* _Your assignment_
Among the entries below, count the lines holding the string "other". Respond with the number alone.

* _Saved entries_
##############################
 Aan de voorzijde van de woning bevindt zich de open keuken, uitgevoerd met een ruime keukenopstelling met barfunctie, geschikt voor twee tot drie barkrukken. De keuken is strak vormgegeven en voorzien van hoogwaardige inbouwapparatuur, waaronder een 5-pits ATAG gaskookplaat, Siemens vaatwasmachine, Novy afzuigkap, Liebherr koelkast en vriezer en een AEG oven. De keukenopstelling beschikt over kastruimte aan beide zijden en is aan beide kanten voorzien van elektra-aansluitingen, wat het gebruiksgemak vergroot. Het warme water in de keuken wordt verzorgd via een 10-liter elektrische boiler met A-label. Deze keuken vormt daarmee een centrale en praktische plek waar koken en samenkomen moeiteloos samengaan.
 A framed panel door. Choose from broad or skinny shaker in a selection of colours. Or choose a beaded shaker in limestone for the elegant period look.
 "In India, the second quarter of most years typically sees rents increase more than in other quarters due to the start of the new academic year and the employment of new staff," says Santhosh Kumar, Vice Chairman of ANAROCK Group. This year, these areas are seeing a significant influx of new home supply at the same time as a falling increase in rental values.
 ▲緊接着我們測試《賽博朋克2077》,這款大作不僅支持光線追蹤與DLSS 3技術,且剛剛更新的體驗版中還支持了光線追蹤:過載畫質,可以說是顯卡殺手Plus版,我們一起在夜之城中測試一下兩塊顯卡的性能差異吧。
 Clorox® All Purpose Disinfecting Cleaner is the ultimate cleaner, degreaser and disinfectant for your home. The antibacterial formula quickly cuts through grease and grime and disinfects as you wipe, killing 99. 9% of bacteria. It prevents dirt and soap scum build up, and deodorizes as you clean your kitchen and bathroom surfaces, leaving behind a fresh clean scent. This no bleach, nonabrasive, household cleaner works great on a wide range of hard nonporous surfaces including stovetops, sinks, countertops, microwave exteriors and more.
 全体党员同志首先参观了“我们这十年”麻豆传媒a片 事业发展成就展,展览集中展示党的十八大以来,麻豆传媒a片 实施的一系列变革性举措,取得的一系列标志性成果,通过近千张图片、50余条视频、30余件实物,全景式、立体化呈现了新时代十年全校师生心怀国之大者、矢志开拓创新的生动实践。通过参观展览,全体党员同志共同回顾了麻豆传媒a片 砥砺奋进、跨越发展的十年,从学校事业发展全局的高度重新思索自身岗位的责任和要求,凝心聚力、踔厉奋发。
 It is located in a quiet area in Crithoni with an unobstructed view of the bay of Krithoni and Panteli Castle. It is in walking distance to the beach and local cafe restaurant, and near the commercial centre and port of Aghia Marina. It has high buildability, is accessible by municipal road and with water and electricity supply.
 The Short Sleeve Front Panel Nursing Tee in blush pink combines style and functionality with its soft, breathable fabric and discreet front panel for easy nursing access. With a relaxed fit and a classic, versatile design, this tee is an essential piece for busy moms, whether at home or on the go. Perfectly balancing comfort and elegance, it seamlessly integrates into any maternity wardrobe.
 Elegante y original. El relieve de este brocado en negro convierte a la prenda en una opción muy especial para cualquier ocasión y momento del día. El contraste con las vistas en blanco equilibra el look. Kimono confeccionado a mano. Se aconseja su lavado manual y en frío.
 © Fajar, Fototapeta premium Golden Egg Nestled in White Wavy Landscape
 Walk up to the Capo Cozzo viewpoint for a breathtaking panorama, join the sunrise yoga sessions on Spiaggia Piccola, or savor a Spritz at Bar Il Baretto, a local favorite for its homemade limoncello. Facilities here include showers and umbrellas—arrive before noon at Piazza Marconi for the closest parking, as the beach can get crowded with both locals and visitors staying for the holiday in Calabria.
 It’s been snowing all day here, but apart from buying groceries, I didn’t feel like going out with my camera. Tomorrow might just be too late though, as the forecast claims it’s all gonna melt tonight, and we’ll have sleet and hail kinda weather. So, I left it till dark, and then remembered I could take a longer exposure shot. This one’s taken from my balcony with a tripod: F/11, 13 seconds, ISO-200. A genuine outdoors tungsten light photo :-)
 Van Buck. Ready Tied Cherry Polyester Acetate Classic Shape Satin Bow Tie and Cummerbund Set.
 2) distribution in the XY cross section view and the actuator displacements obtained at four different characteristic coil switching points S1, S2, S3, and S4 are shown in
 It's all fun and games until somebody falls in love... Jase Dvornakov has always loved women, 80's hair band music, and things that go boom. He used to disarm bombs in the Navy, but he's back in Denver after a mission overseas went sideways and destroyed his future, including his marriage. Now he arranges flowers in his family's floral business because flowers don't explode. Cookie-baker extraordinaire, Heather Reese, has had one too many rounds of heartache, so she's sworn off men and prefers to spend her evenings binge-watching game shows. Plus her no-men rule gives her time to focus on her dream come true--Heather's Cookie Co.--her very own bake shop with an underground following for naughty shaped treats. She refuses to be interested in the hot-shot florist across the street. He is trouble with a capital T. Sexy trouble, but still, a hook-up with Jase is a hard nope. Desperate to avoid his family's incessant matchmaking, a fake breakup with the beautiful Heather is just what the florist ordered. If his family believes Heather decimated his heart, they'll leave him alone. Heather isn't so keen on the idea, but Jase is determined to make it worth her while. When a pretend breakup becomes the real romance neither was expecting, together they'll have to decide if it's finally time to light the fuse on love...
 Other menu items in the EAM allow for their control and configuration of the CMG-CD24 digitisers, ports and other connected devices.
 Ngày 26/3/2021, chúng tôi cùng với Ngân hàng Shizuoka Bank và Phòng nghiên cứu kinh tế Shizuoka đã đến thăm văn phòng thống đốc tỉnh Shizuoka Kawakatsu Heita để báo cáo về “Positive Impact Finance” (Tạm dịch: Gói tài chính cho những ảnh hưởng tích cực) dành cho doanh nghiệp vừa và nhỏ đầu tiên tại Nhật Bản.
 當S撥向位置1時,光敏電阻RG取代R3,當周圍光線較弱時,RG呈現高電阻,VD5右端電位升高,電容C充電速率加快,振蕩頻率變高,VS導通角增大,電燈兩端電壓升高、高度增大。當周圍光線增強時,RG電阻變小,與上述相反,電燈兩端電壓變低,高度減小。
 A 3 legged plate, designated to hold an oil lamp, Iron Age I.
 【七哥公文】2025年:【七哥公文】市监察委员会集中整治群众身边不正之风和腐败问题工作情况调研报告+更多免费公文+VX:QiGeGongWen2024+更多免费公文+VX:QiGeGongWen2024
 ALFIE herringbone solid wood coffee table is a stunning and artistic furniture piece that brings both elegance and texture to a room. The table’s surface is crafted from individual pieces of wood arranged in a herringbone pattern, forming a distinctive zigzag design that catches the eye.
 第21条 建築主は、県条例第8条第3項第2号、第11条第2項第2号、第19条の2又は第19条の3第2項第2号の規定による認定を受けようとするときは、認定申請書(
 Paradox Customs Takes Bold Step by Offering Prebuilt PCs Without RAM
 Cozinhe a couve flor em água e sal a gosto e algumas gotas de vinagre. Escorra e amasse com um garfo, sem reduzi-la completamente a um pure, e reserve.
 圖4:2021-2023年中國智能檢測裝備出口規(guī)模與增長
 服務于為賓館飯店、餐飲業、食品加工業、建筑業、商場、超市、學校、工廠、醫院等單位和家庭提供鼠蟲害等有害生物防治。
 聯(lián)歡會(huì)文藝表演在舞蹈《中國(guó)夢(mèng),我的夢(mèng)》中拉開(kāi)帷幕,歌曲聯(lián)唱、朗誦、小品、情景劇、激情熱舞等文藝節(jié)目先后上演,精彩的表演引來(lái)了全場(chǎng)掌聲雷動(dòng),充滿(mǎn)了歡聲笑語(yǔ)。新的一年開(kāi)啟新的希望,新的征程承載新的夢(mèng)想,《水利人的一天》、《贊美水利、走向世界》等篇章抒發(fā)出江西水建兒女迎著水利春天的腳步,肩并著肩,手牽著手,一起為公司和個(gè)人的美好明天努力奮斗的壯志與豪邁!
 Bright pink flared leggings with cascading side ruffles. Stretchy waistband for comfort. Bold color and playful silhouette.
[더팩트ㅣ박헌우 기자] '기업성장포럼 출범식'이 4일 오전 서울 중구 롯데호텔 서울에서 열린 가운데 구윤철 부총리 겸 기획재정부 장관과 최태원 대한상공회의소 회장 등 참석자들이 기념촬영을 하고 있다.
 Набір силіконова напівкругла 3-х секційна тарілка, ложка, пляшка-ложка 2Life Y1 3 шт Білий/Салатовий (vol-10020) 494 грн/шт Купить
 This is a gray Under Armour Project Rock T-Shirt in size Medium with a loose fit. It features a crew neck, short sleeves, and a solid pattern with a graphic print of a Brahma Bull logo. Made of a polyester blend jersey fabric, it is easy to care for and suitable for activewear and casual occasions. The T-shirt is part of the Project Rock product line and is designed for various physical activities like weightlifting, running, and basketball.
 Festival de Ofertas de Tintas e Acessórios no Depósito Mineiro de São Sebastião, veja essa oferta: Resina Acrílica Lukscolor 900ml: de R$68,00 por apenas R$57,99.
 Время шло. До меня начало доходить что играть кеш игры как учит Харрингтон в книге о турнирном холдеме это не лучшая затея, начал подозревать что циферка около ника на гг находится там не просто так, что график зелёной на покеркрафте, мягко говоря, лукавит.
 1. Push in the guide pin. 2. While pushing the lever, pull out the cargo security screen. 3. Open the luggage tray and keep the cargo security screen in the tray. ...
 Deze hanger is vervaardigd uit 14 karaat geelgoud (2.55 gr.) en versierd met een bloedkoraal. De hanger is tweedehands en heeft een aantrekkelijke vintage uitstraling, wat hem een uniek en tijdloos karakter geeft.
##############################
* _Output of the task_
2